I would think it was impossible not to disturb it in the ceiling if you are screwing plasterboard up. Is that so?

----------


## ringtail

The walls are no biggy and are just as easily removed and resheeted but the ceiling is a different animal. 60 years of crap as well as the asbestos is sitting up there and all of it will end up in your home. For this reason I battened over the ceiling and resheeted (although not with gyprock). I shot pine battens on with my framing gun. Quick and the timber traps the fibres where the nail goes through. Have to very accurate though or you risk breaking a decent piece with a misfire. Also have to aware of wiring etc... that is laying on the ceiling sheets. You could maybe get the roof vacuumed first to minimise the crap if you want it gone for good.

----------


## dayle_bct

Thanks guys 
Looks like the safest way will be to bring it down then.  Am I right in thinking that I'll need a professional to remove the asbestos?  Or can I do some of it myself if I use the precautions - thick black plastic bag, labeled etc???

----------


## ringtail

You can do 10 m2 yourself but then you have to get rid of it which is a major PITA and costs $$$. Better off leaving it to the "pros" (term used loosely) although be careful who you choose.

----------


## shauck

> For this reason I battened over the ceiling and resheeted (although not with gyprock). I shot pine battens on with my framing gun. Quick and the timber traps the fibres where the nail goes through. Have to very accurate though or you risk breaking a decent piece with a misfire. Also have to aware of wiring etc... that is laying on the ceiling sheets.

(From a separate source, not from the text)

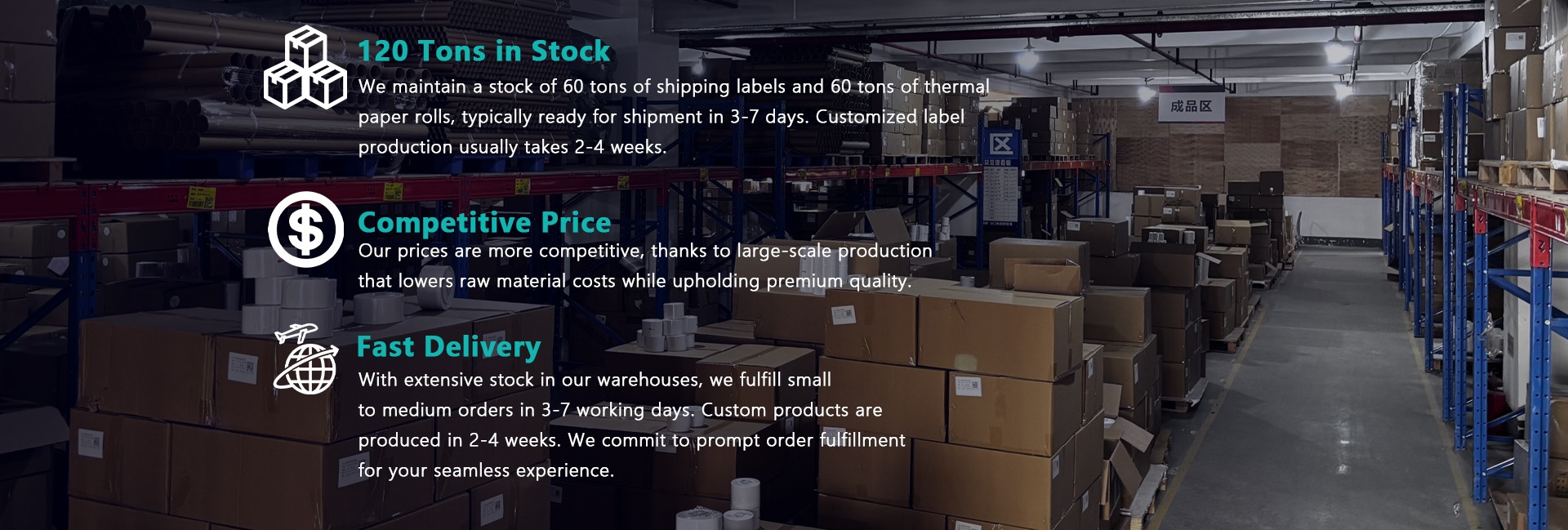 Productos principales:Etiquetas de envío, etiquetas térmicas directas, rollos de papel térmico, etiquetas sin revestimiento, etiquetas de papel revestido

  Sounds reasonably safe and a good option.

----------


## goldie1

> The walls are no biggy and are just as easily removed and resheeted but the ceiling is a different animal. 60 years of crap as well as the asbestos is sitting up there and all of it will end up in your home. For this reason I battened over the ceiling and resheeted (although not with gyprock). I shot pine battens on with my framing gun. Quick and the timber traps the fibres where the nail goes through. Have to very accurate though or you risk breaking a decent piece with a misfire. Also have to aware of wiring etc... that is laying on the ceiling sheets. You could maybe get the roof vacuumed first to minimise the crap if you want it gone for good.

   What about if you want to fit down lights at a later date?

----------


## ringtail

No drama. I have surface mounted exposed gloge down lights so the only thing going through the AC is the cable. I paint a bit of bondcrete onto the roof side of the sheet, let it soak through and dry, then the sparky punches through it with his screwdriver to break a small ( 20 mm) piece out which then ( if recovered) is boncreted to the sheet. If the bit falls through it sits harmlessly in the void between the two ceilings. Must add that the new ceiling in a combo of ply and custom orb.

----------


## goldie1

> No drama. I have surface mounted exposed gloge down lights so the only thing going through the AC is the cable. I paint a bit of bondcrete onto the roof side of the sheet, let it soak through and dry, then the sparky punches through it with his screwdriver to break a small ( 20 mm) piece out which then ( if recovered) is boncreted to the sheet. If the bit falls through it sits harmlessly in the void between the two ceilings. Must add that the new ceiling in a combo of ply and custom orb.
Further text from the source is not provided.